Tobias Reichert, Referent für Agrarpolitik und Welthandel bei der Umweltschutzorganisation Germanwatch e.V., erklärte, dass der Schritt in die richtige Richtung gehe. Er forderte aber, dass auch die Tierhaltung umgebaut werden und an die lokal verfügbare Futterfläche gekoppelt werden müsste. "Das würde heißen: weniger Tiere in der EU. Und da die Tierhaltung zwischen 60 und 70 Prozent der Treibhausgas-Emissionen ausmacht in der EU, ist ohne einen Umbau der Tierhaltung auch durch die Eco-Schemes ein wirksamer Klimaschutz in der Landwirtschaft nicht zu erreichen", sagte Reichert im Deutschlandfunk.
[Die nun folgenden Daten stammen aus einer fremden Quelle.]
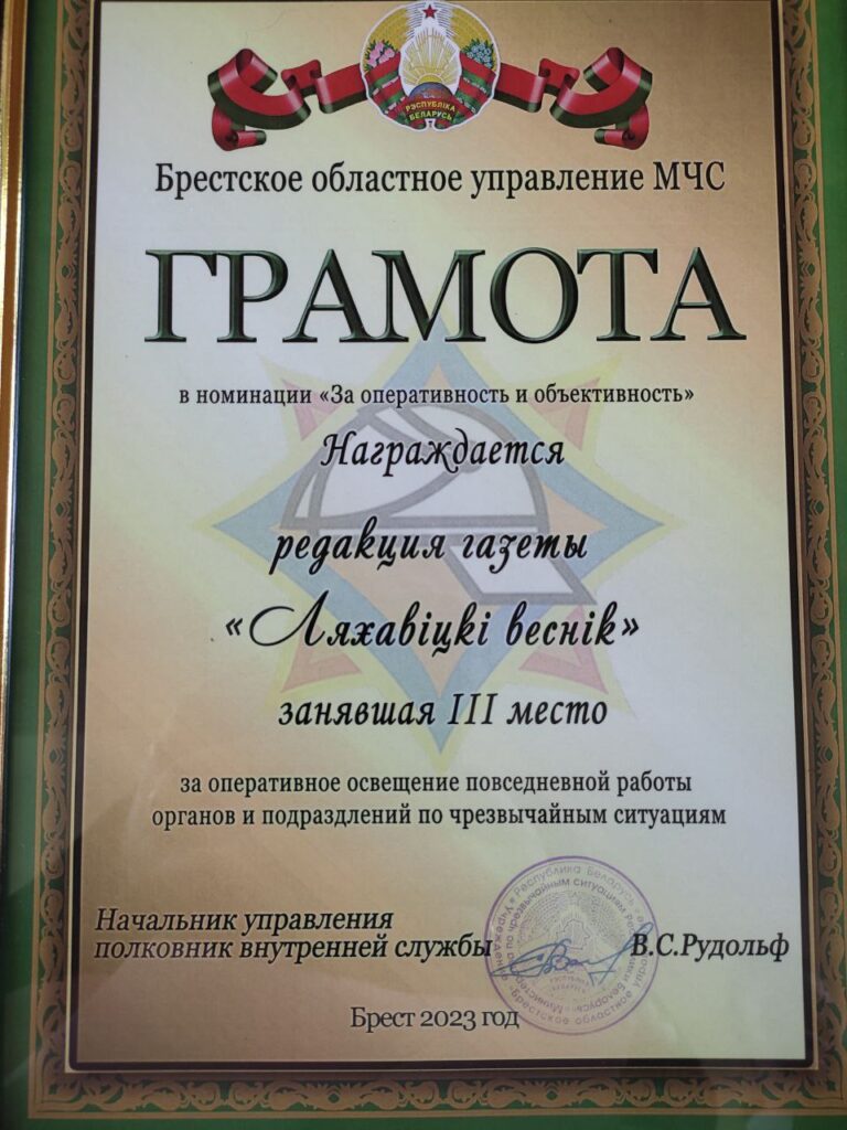 В номинации «За оперативность и объективность» редакции газеты «Ляхавiцкi веснiк» присуждено 3 место.
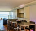 • Modern kitchen with island, granite countertops, built-in oven and refrigerator, under cabinet lighting, dining table, 6 chairs, modern pendant lights, large windows, wooden floor.
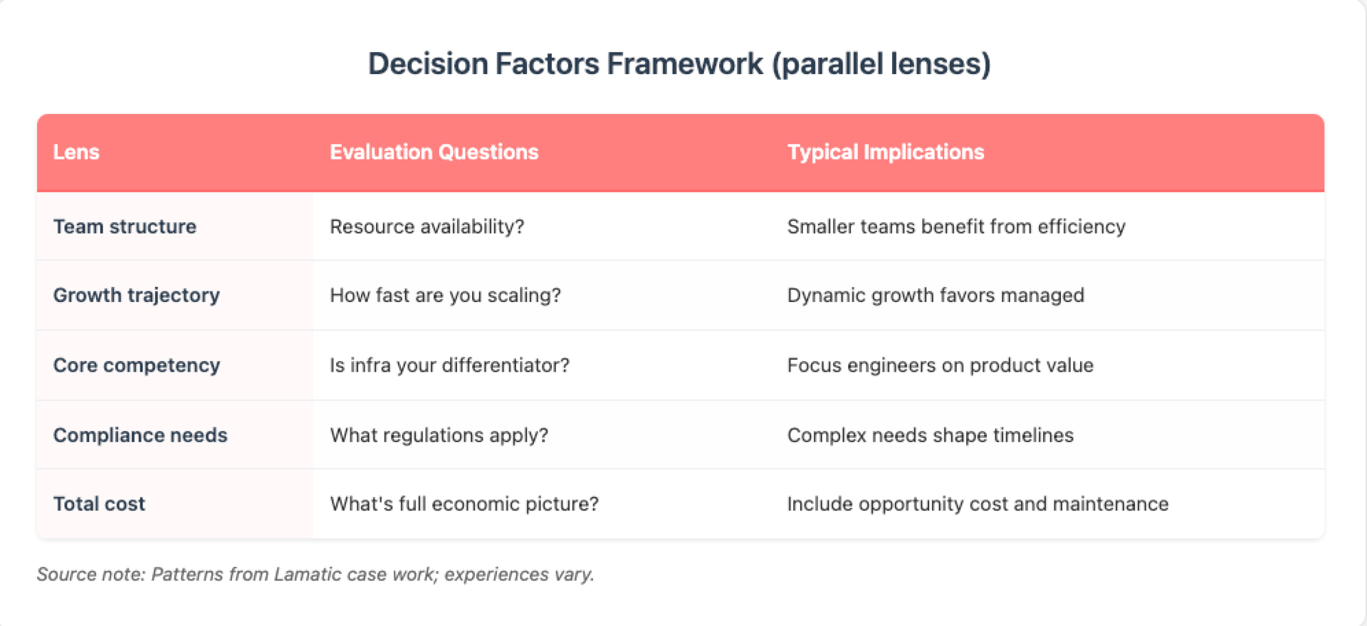 Decide by team structure, scale trajectory, compliance needs, and plumbing vs product focus

Knackpunkt: Direkte Zuschüsse für Flächen
Die Ausrichtung der Landwirtschaftspolitik auf EU-Ebene ist auch für Deutschland bedeutsam. Die bisherige Geldverteilung wird mitverantwortlich gemacht für Umweltbelastungen durch Bäuerinnen und Bauern und das Höfesterben. Einer der Hauptkritikpunkte ist, dass bislang der Löwenanteil der EU-Zahlungen an Flächen der Landwirte gekoppelt ist. Dies hat zur Folge, dass rund 80 Prozent der Fördermittel an 20 Prozent der Betriebe gehen. Zudem werden umweltfreundliche Maßnahmen bislang nur mit einem verhältnismäßig kleinen Teil der Gelder unterstützt.
Grünen-Chef Robert Habeck forderte die Abschaffung direkter Zuschüsse für die Fläche und damit die Einführung einer "Gemeinwohlprämie": Es sollten diejenigen Bauern Geld bekommen, die gesellschaftliche Leistungen erbringen. Auch der Geschäftsführer des Deutschen Verbandes für Landschaftspflege,
Jürgen Metzner, plädierte im Dlf für eine Gemeinwohlprämie
. Umweltorganisationen schloßen sich der Kritik an: Ein Großteil der Zahlungen fließe einfach weiter ohne Umweltauflagen - und zudem gebe es noch eine zweijährige Übergangsfrist.
Wie geht es weiter?
Die EU-Kommission hatte bereits 2018 einen Vorschlag über die Reform veröffentlicht. Damals war vorgesehen, dass diese bereits für die Jahre 2021 bis 2027 greifen soll. Da sich die verschiedenen Institutionen aber nicht schnell genug einigen konnten, gilt für 2021 und 2022 eine Übergangsphase, etwas ändern wird sich frühestens ab 2023.